O Amor é mesmo um caminhar solitário por entre a gente; pois que tudo e qualquer coisa além dele próprio é pouco ou nada. Nenhum olhar, nenhuma voz, nenhum perfume, nenhum caminhar... nada se compara ao seu olhar, à sua voz, ao seu perfume, ao seu caminhar. Tudo além de ti é apenas ausência.
O Amor é mesmo nunca contentar-se de contente; a divina ambição insaciável. É nada, nunca, ser grande o suficiente se posto ao lado da sua presença. É alcançar o limite de uma alegria ilimitada.
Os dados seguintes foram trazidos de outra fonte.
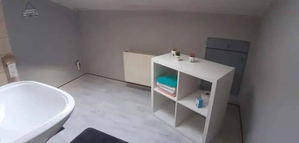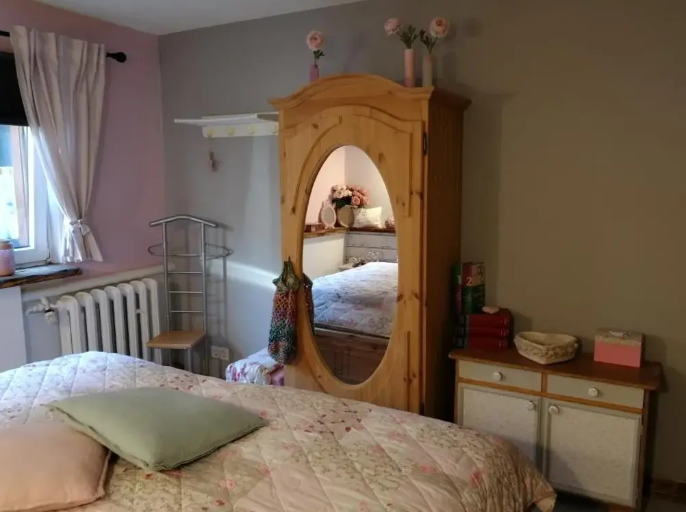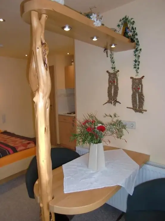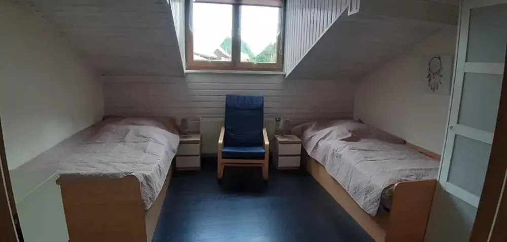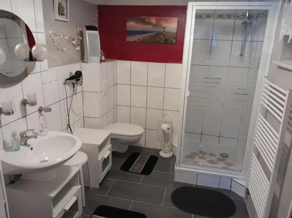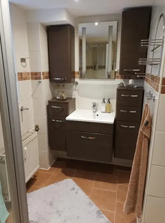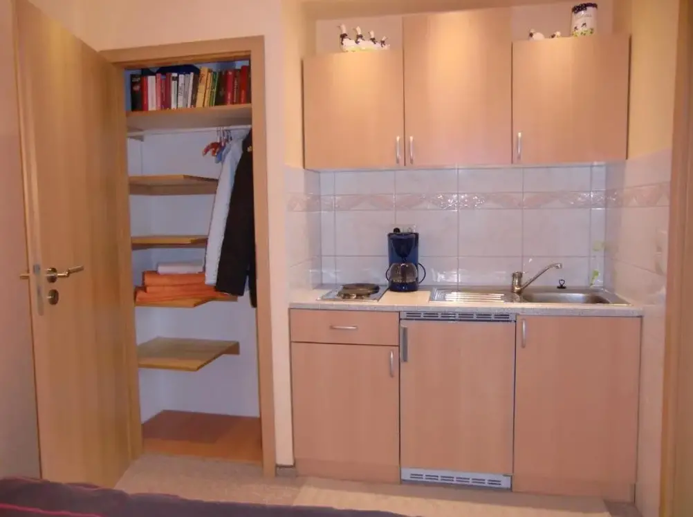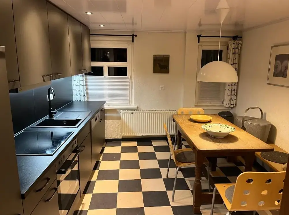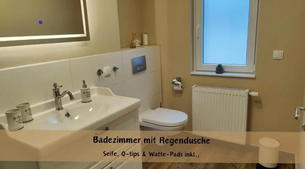 More information about Häuslers HerbergeFeWo ,,An der kleinen Wilde'' in Stolberg offers a spacious apartment featuring one bedroom and a living room. The property includes a fully equipped kitchen, a cozy fireplace, and a dining area. Modern amenities such as free WiFi, a kitchenette, and a coffee machine are available, along with a washing machine, TV, and free toiletries. An outdoor seating area allows guests to relax.

O Amor é mesmo cuidar que se ganha em se perder; oferecer tudo o que as mãos e o espírito alcançam. É deixar partir tudo o que se sentiu, ficar vazio, mas ser preenchido pelo universo, ao mesmo tempo.

O Amor é mesmo querer estar preso por vontade; em braços, pernas e vontades. Um desejo de escravidão, mas que faz alcançar com as pontas dos dedos as chuvas das montanhas, os oceanos esverdeados, os céus azuis; todas aquelas bonitas faces de Deus.
O Amor é  mesmo servir a quem vence, o vencedor; o prazer em abdicar-se, de reconhecer-se ínfimo diante do milagre, é aceitar-se pequeno fazendo o máximo. É reconhecer-se servo com honra, pois serve-se a quem venceu-lhe as sombras, os medos, as dúvidas.
O Amor é mesmo ter com quem nos mata, lealdade;
pois é simples, morre-se desse Amor, e ainda assim, continua-se a viver dele.


*Construído sobre o soneto de Luíz Vas de Camões.